Having read that little blurb, I will probably read the rest of the essay. I agree that Price's analysis of Genesis in the essay is very brief. But, it does go along with the excerpt from Levi-Strauss:

As soon as I read Levi-Strauss’s analysis of the Oedipus Cycle, it was immediately obvious to me that the Garden of Eden story in Genesis chapters 2-4 evidences exactly the same deep-structural agenda. To make a long story short, there is first the ominous denial of humanity’s earthborn origin. Remember, God causes all the animals, plants, and the man to emerge from the ground. All is thus far harmonious. But then he introduces human-from-human origin, as Adam gives birth to Eve, and the two defy God’s ban on sexual procreation, which eventuates in Cain’s birth.

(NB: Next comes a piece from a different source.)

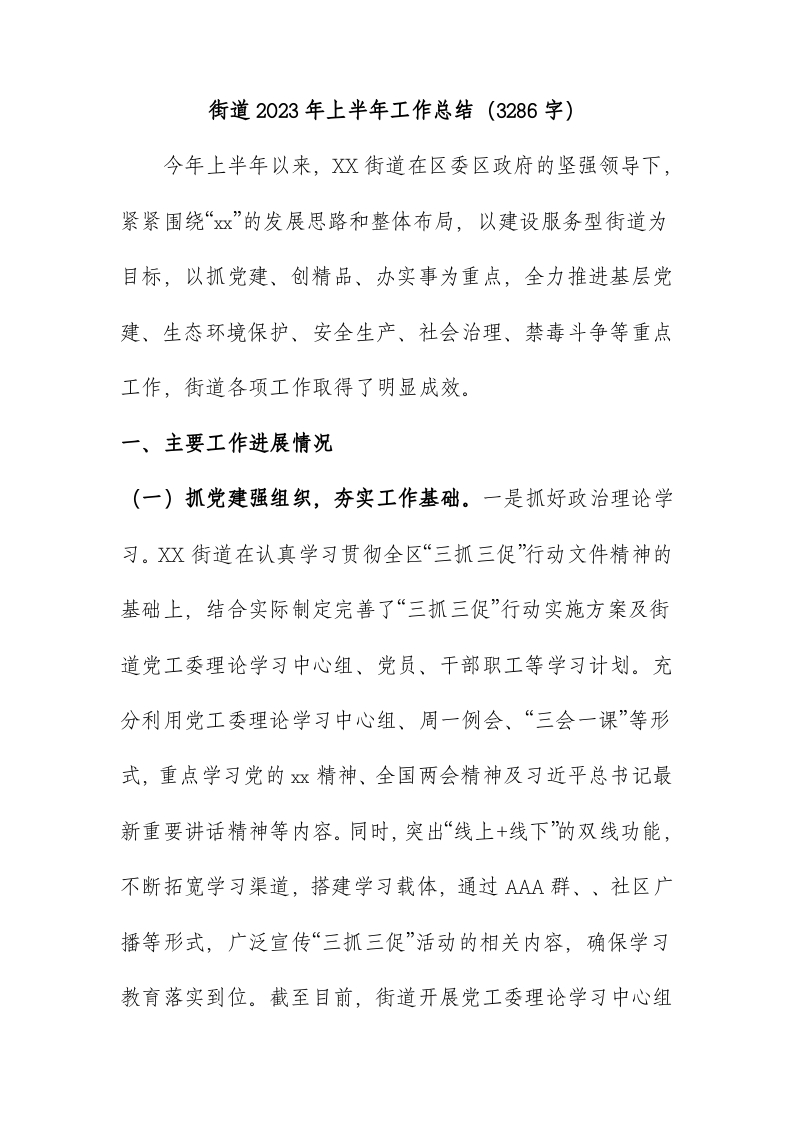 / 街道2023年上半年工作总结

Then everything goes to hell fast. Humanity is alienated from the ground, which will yield food only with difficulty. Cain kills his brother and is exiled from the ground he had tilled, forced to be a nomad. Humans slaughter animals for their skins for the first time. Cain under his alias Tubal-Cain invents weapons of war, and Lamech uses them to kill those who insult him. And so on. In the Book of Genesis, as in the Oedipus Cycle, we witness the anxiety of a psycho-cultural shift from belief in birth from the earth to belief in birth from humans like ourselves.


I would like to see more of this analysis.

I haven't had a chance to look at the reference from Bacon yet.